**Description of the task**:
All that should come back is the lines of the data below from the one containing "2) NaOH(в) +" to the one containing "เคเบิ้ลไทร์ สีดำ ยี่ห้อ", inclusive, exactly as they stand.

**Record excerpts**:
• • • • •

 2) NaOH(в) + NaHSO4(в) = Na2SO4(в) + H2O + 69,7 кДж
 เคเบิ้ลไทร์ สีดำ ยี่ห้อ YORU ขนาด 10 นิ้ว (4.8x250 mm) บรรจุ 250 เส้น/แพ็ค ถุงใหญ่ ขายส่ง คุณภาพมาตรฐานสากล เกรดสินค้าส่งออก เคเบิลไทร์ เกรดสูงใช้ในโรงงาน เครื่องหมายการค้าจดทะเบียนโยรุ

• • • • •

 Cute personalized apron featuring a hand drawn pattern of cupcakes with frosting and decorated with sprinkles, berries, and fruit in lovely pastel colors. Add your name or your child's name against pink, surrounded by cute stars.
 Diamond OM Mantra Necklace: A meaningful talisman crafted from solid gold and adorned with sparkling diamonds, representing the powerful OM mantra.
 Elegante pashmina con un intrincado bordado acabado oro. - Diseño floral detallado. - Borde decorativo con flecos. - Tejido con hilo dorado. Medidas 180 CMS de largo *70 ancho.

• • • • •

**Written solution**:
 2) NaOH(в) + NaHSO4(в) = Na2SO4(в) + H2O + 69,7 кДж
 เคเบิ้ลไทร์ สีดำ ยี่ห้อ YORU ขนาด 10 นิ้ว (4.8x250 mm) บรรจุ 250 เส้น/แพ็ค ถุงใหญ่ ขายส่ง คุณภาพมาตรฐานสากล เกรดสินค้าส่งออก เคเบิลไทร์ เกรดสูงใช้ในโรงงาน เครื่องหมายการค้าจดทะเบียนโยรุ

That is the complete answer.